— В какой хате?
— Н-не помню, я там один день…
— А что случилось?
— Зачем вам? Плохо стало. Душно. Народу много, драки.
— И сразу на спец?.. Как же тебя перевели?
— Перевели…
— Говорить не хочешь. Твое дело. У тебя какая статья?
— Сто семьдесят третья.
— В институте работал?
— В институте.
— В каком?
— В МАИ.
Вон как сходится, думаю. Надо с ним аккуратней, напугается, ничего не скажет.
— Давно тут сидишь, в отстойнике?
— Только что, перед вами.
— Следователь вызывает? — не отстаю я.
— Два раза, тянут.
— Ты один по делу?
— Здесь один. Еще на Бутырке.
— Женщина?
— Женщина.
— Ладно,— говорю,— мне не надо. Кто ж остался в двести шестидесятой? Я там два с половиной месяца, как тебя вытащили на сборке перед шмоном — помнишь? Тебя значит на больничку, а меня в двести шестидесятую.
— Там сейчас… пятеро.
— Боря Бедарев там?
У него в глазах ужас, даже сигарету выронил.
— Ты что? — спрашиваю.
— Н-не знаю.
— Что — не знаешь?
— Я больше не могу,— говорит.
— Да что они с тобой сделали, что ты всего боишься? У нас с тобой общее, начало, самое страшное здесь — сборка, она нас связала. Может, я тебе чем помогу, ну… советом, еще чем — что ты в такой панике?
— Не самое страшное,— говорит.
— Что — не самое страшное?
— Первый день, сборка. Дальше было хуже.
— Где? — спрашиваю.
— На больничке. На общаке. И на спецу. То есть… на больничке легче. И на спецу. Но… Не могу больше.
— Тебя как зовут? — спрашиваю.
— Георгий.
— Георгий?..
У меня мелькает смутная мысль, я ее сразу отгоняю. Слишком много совпадений…
— Жора, значит?
— Я никому не верю, — говорит, — они со мной…
— И я никому не верю, что из того? Но людьми-то мы остались? Какая мне в тебе корысть?
— Не знаю,— говорит, — может…
— Ты сам себя загоняешь, загнал, а тебе жить надо. Да сколько б ни дали, все годы — твои, все кончается и срок кончится. Зачем ты себя… У тебя остался кто на воле?
— Остался… Нет, я теперь ничего не знаю…
Не получается из меня утешитель, да и зачем мне, мы в тюрьме, не в богадельне, здесь каждый за себя…
— Значит, Боря там,— говорю, — еще кто? Пахом там?
— Пахом ушел. Они с Бедаревым не… заладили.

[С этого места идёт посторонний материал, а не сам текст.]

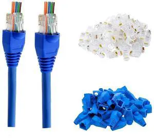 PETECHTOOL RJ45 Cat6 Pass Through Connectors Gold Plated 8P8C Ends and Blue Strain Relief Boots for CAT6 RJ45 Ethernet Network Cable Connector Plug Cover 100/100 (200 Packs Total)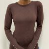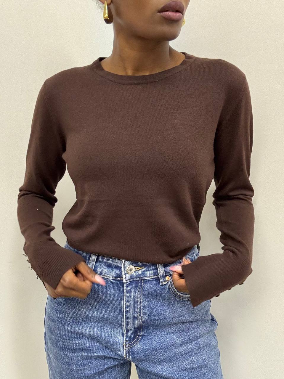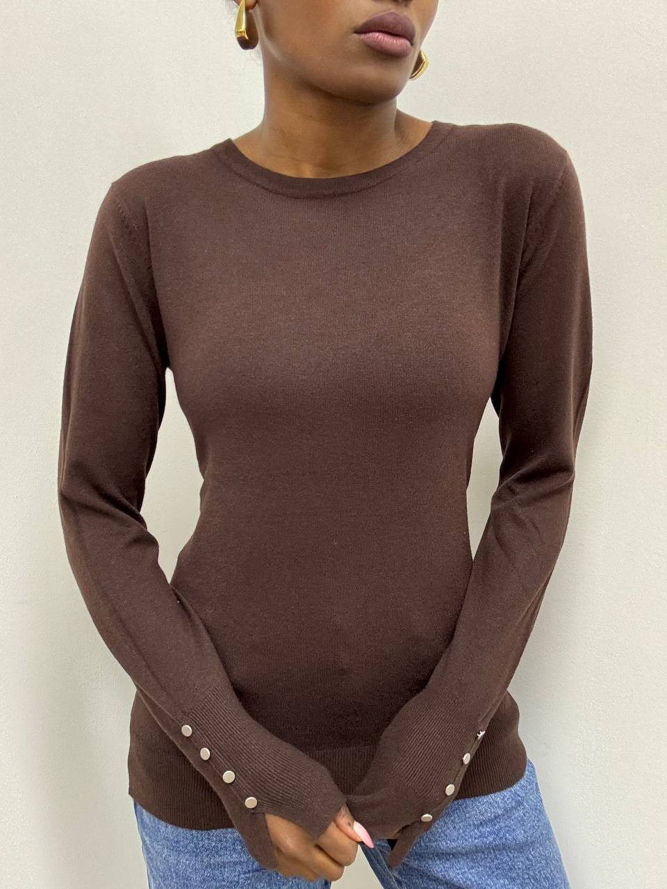 Elegante e versatile, questa maglia a tinta unita è realizzata in un tessuto elasticizzato che garantisce comfort e vestibilità perfetta. Il design a girocollo si abbina facilmente a ogni look, mentre il dettaglio di tre bottoni decorativi sulle maniche aggiunge un tocco di stile raffinato. Ideale per un outfit casual-chic o per completare un look più formale.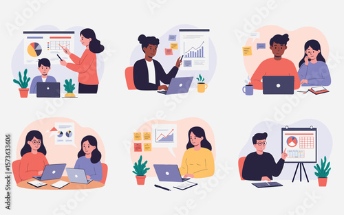 Šéfkuchař vaření japonské jídlo vektorové scény. Japonsko Fast food Příprava izolované ilustrace set. Kuchař stojící u pultu připravuje nudle a sushi, servírovací misku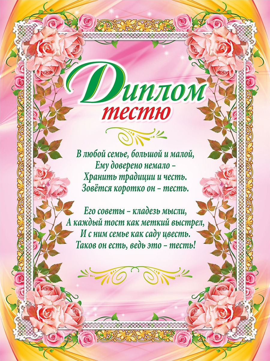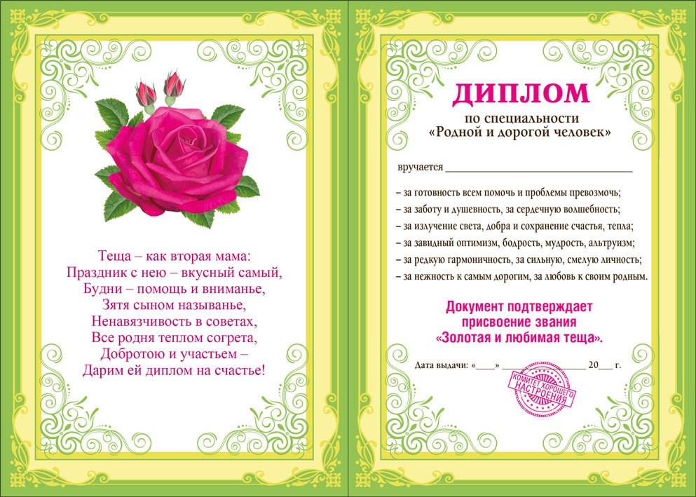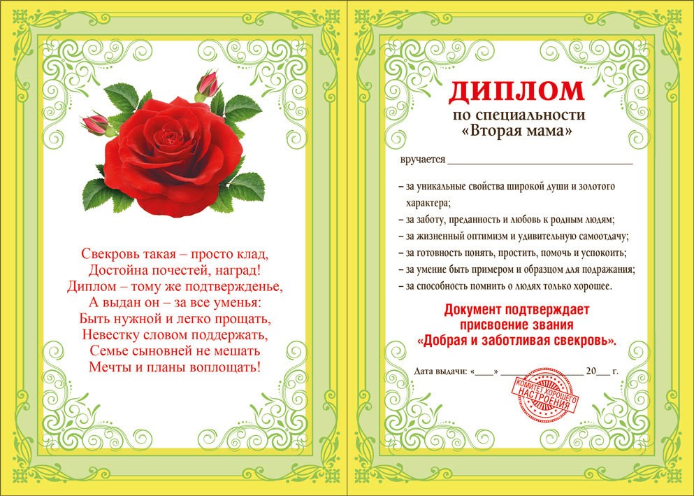 • Диплом золотой свекрови.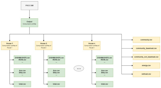 The generated EC datasets are organized as represented in Figure 4. The data are stored in the output folder. It contains a folder for each community house with its consumption profiles: aggregate, per appliance, per user, and activity. Furthermore, it contains the following profiles: community (i.e., the total consumption of the community), community_baseload (total base load of the community), community_not_baseload (total consumption of the community minus the total base load), renewable energy (community production), and finally the net-load (demand minus the production, which corresponds to the demand that must be met by the grid).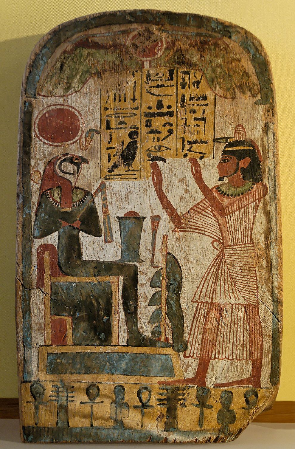 除了在宴會的場合可以看到圓錐頭飾,在敬神儀式上也可以看到古埃及民眾頭戴圓錐頭飾。圖為頭戴圓錐頭飾的古埃及祭司正在敬拜法老的守護神荷魯斯(Horus)。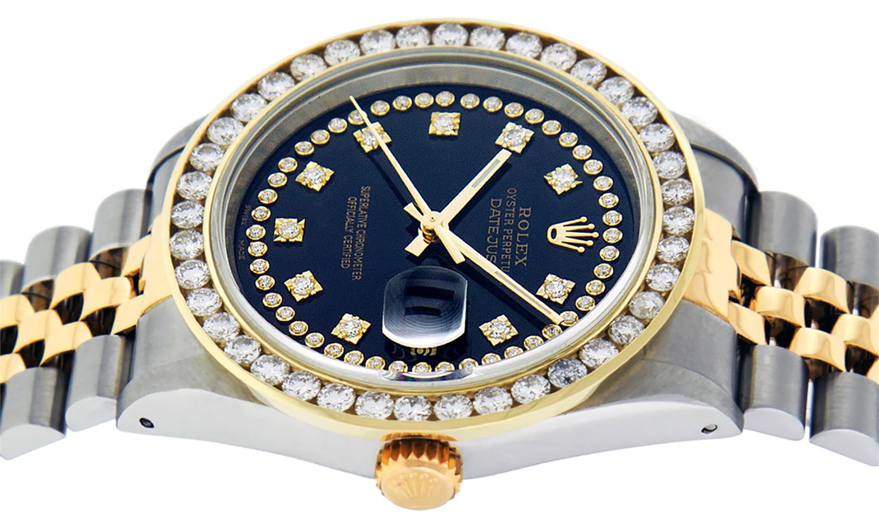One Men's Yellow Gold Rolex Datejust Polished Bright with Satin Finish, Serviced & Electronically Tested, Stainless Steel Case: 36mm, Yellow Gold Crown, Custom Bezel: New 18K Yellow Gold 3ct Channel Set Diamond Bezel, Diamond Count: 40 Diamonds, Total Weight 3.00 Carat, Clarity: SI-VS, Color: G to H. Custom Crystal: New Scratch Resistant Synthetic Sapphire Cyclops Lens. Custom Hands: New Luminescent Hands. Movement: Automatic Winding Movement. Custom Dial: Black String Diamond Dial, Diamond Count: 58 Diamonds In Dial, Color: G to H, Clarity: VS. Date Window: 3 O'clock Position Date Display, Quickset, Model: Datejust. Condition: G-6 Extra Fine. Bracelet: Yellow Gold And Stainless Steel Jubilee Band. Bright Polish & Satin Finish. 7.0 Inch Length, Adjustable. Standard Clasp, With Rolex Logo. This Watch Has Been Serviced And Polished It Is Free Of All Scratches And Dents.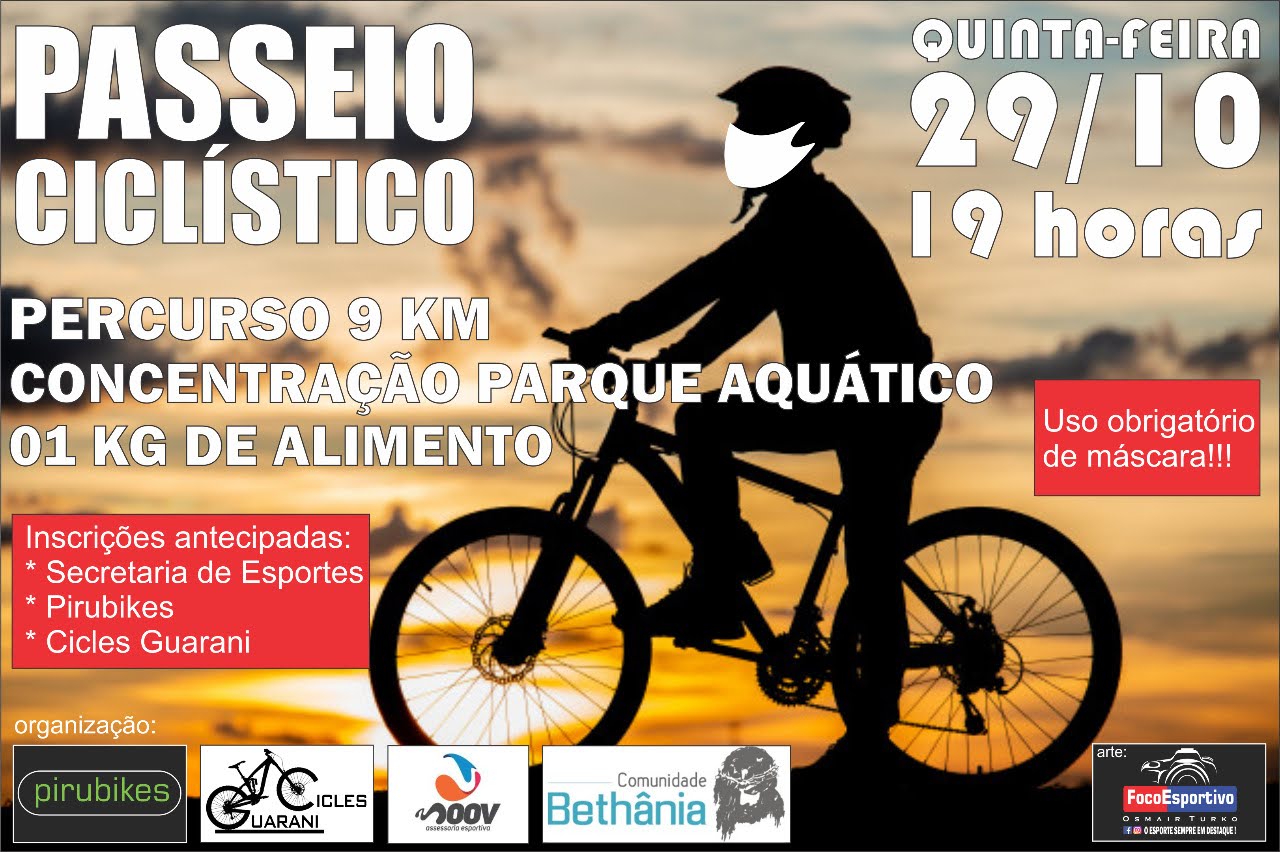 “A partir das 18 h estaremos fazendo a inscrição antecipada [no Parque Aquático]. Também estamos fazendo a inscrição antecipada na secretaria de Esportes, Pirubikes e Cicles Guarani para evitar aglomeração antes do passeio. O quilo de alimento será repassado a Comunidade Bethânia e haverá sorteio de brindes no sábado”, afirma o secretário de Esportes, Moisés Neves.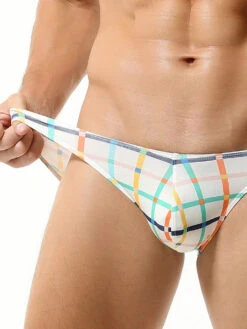 Men’s Mesh Briefs With Colorful Spliced Lines(Mens Mesh Briefs With Colorful Spliced Lines)

— Вон как! А у тебя что с… Бедаревым?
— Послушайте…— говорит он,— я вижу, вы порядочный человек, я здесь таких не видел. Я не могу больше… Все эти месяцы, каждый день меня… обманывают, мучают. Я себя потерял, они меня забьют — понимаете?
— Нет, не понимаю. Мы с тобой в одной тюрьме, пришли вместе. Я только в больничке не был, в тех же камерах.
— Они меня… запутали.
— А ты плюнь! У тебя своя жизнь и срок будет свой! Все равно будет, отсюда не выйдешь. Но здесь, учти, ни от кого, кроме мелочей, ничего не зависит, а у тебя впереди жизнь, не мелочи. Знаешь, как говорят: на воле страшно, могут посадить, а здесь чего бояться — уже посадили!
— Хорошо бы нам вместе, — говорит.
— Может быть. Мне и с Борей было хорошо. Сначала хорошо, потом плохо. Что он тебе сделал?
— Он все время что-то придумывает, я не понимаю… Бывает, как зверь, с ним что-то случилось…
— Что?
— Не знаю… Его не поймешь.
— Не надо мне,— говорю,—я про Борю и так все знаю, а что нет… Не в подробностях дело, мы с ним два месяца спина к спине, на одной шконке.
— Ему нельзя верить, ни одному слову, не поймешь на кого он…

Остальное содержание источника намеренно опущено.